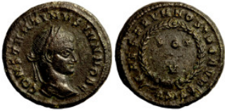
408 Roman Imperial Bronze 19mm 3,31g
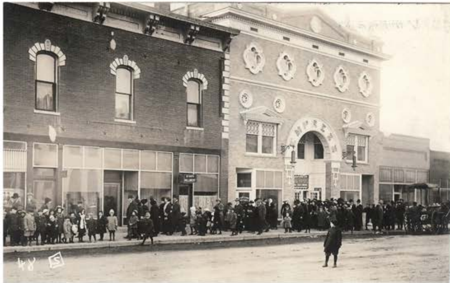
The Empress Theatre formerly located on 2nd. Street.
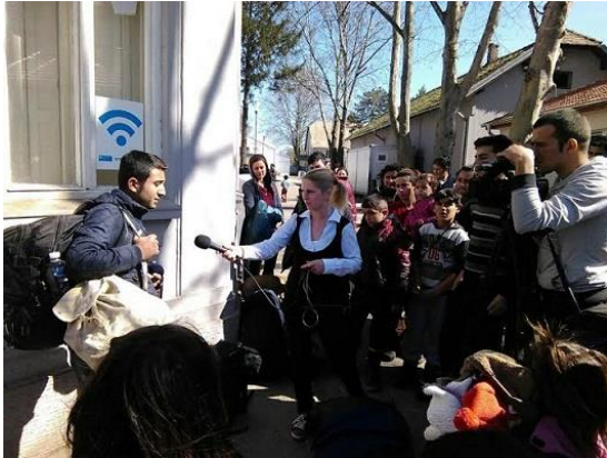
Local TV crew interviewing refugees in Šid RAP, Šid (Serbia), ©HCIT, 31 March 2016

The number of refugees sheltered in the three Refugee Aid Points (RAP) in the West dropped to 455 .
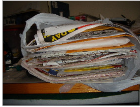
And there was the 12 pounds of mail that I had to go through.
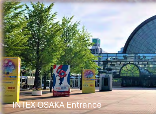
INTEX OSAKA Entrance

━━━━━━━━━━

▶ [Task details] Only the lines from the beginning of the records through the line bearing "The number of" belong in the answer, copied word for word with pictures left out.

▶ [Expected answer]
408 Roman Imperial Bronze 19mm 3,31g
The Empress Theatre formerly located on 2nd. Street.
Local TV crew interviewing refugees in Šid RAP, Šid (Serbia), ©HCIT, 31 March 2016

The number of refugees sheltered in the three Refugee Aid Points (RAP) in the West dropped to 455 .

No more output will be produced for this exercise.